(Beginning of RECORDED DATA)

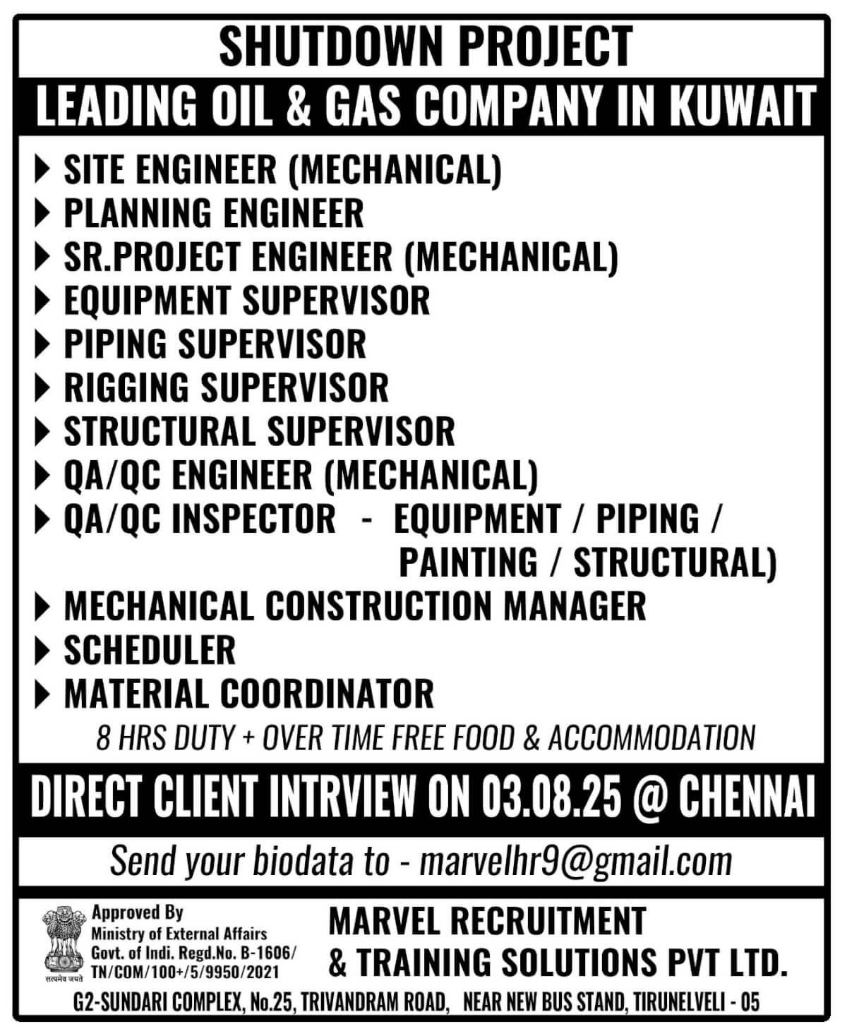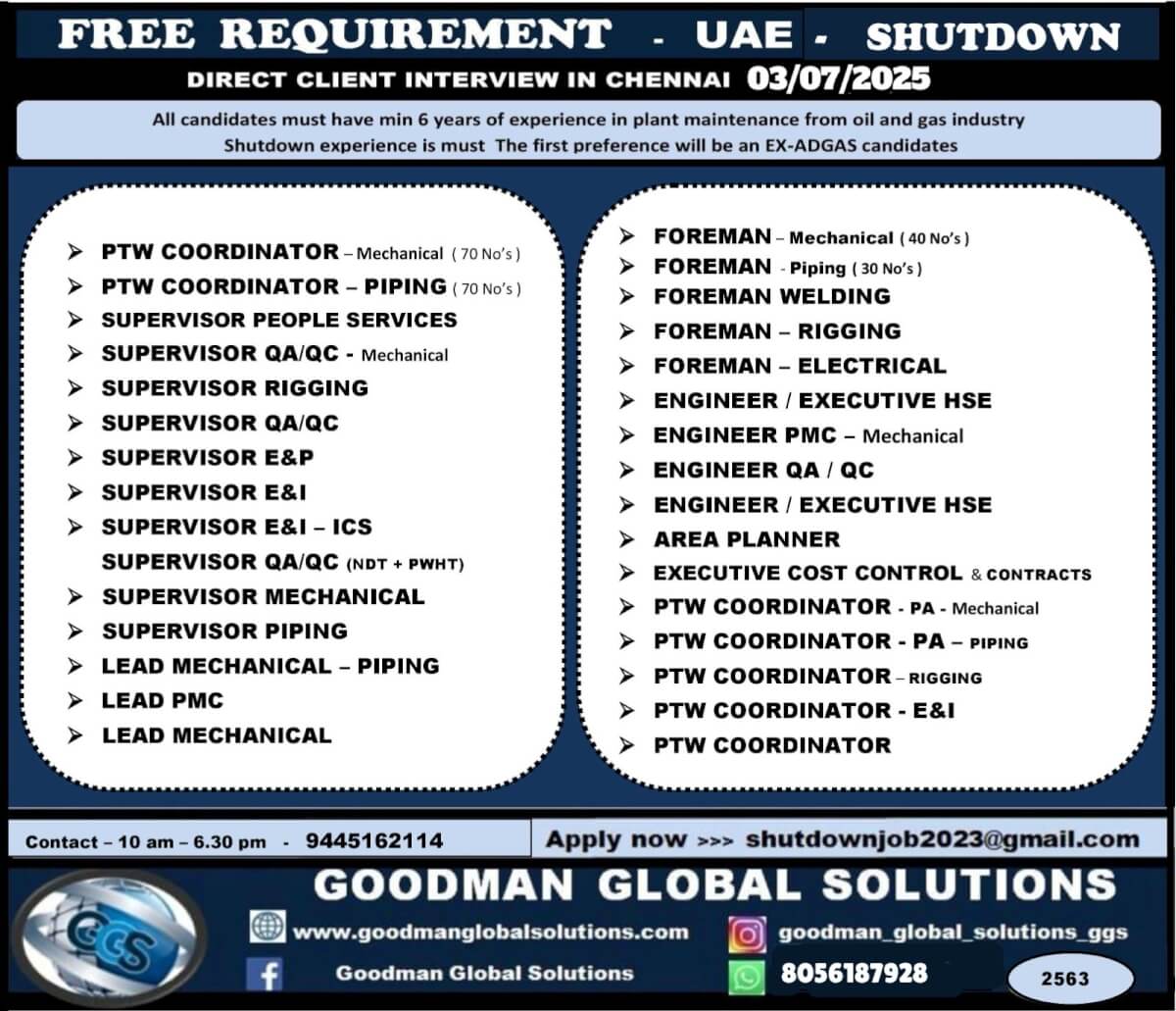EQUATE SHUTDOWN – TISD - KUWAIT SHUTDOWN PROJECT - ONLINE INTERVIEW - CV Shortlisting Under Progress CONTACT -7305064086 APPLY NOW>>> ggsrecruiter001@gmail.com SALARY - 550 - 1000 KD + OT - FREE FOOD, ACCOMMODATION, MEDICAL &...
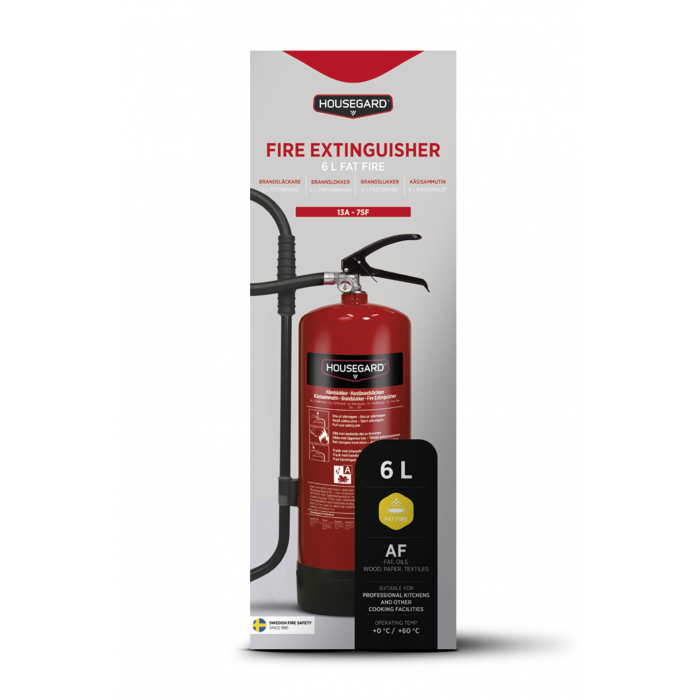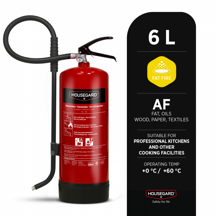 En spesielt utviklet brannslukker til slukking av brann i matfett og vegetabilske oljer. Fettbrannslukkere inneholder et slukkemiddel som er spesialutviklet for slukking av branner i brannklasse F, matfett og vegetabilske oljer. Beregnet for bruk i kjøkken og lokaler hvor mat og frityroljer benyttes. Housegard fettbrannslukkere kan også benyttes mot A-branner, men da med begrenset effekt.
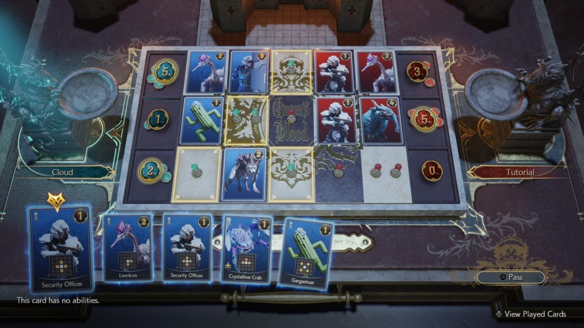 La prima gradevole aggiunta è il minigioco di carte Queen’s Blood, tanto semplice nelle sue meccaniche quanto profondo a livello strategico: si gioca su una plancia divisa in tre sezioni, poste una sopra l’altra. Il giocatore e il suo avversario posizionano le carte delle rispettive mani a partire da uno dei due estremi della plancia. Ogni carta ha un costo di dispiegamento, un valore di punteggio e uno schema di influenza della plancia stessa, che determina su quali porzioni della stessa potremo posizionare le restanti carte. Una volta che ciascun giocatore esaurisce le mosse a sua disposizione, si somma il valore di punteggio delle carte sezione per sezione: chi ha racimolato il punteggio più alto si aggiudica la rispettiva sezione, e aggiunge punti al suo punteggio di vittoria. Si procede così per ciascuna sezione, si contano i punti totali e si determina chi vince la partita.
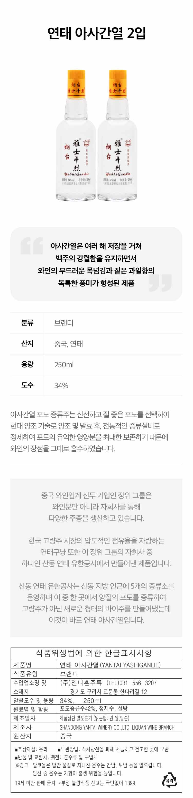 Yantai Yashiganlie 2 Bottles Set연태 아사간열 2병 세트

(End of RECORDED DATA)

Transcribe exactly the span of lines from the line holding "En spesielt utviklet" through the last line above, both included. Pictures stay out.

 En spesielt utviklet brannslukker til slukking av brann i matfett og vegetabilske oljer. Fettbrannslukkere inneholder et slukkemiddel som er spesialutviklet for slukking av branner i brannklasse F, matfett og vegetabilske oljer. Beregnet for bruk i kjøkken og lokaler hvor mat og frityroljer benyttes. Housegard fettbrannslukkere kan også benyttes mot A-branner, men da med begrenset effekt.
 La prima gradevole aggiunta è il minigioco di carte Queen’s Blood, tanto semplice nelle sue meccaniche quanto profondo a livello strategico: si gioca su una plancia divisa in tre sezioni, poste una sopra l’altra. Il giocatore e il suo avversario posizionano le carte delle rispettive mani a partire da uno dei due estremi della plancia. Ogni carta ha un costo di dispiegamento, un valore di punteggio e uno schema di influenza della plancia stessa, che determina su quali porzioni della stessa potremo posizionare le restanti carte. Una volta che ciascun giocatore esaurisce le mosse a sua disposizione, si somma il valore di punteggio delle carte sezione per sezione: chi ha racimolato il punteggio più alto si aggiudica la rispettiva sezione, e aggiunge punti al suo punteggio di vittoria. Si procede così per ciascuna sezione, si contano i punti totali e si determina chi vince la partita.
 Yantai Yashiganlie 2 Bottles Set연태 아사간열 2병 세트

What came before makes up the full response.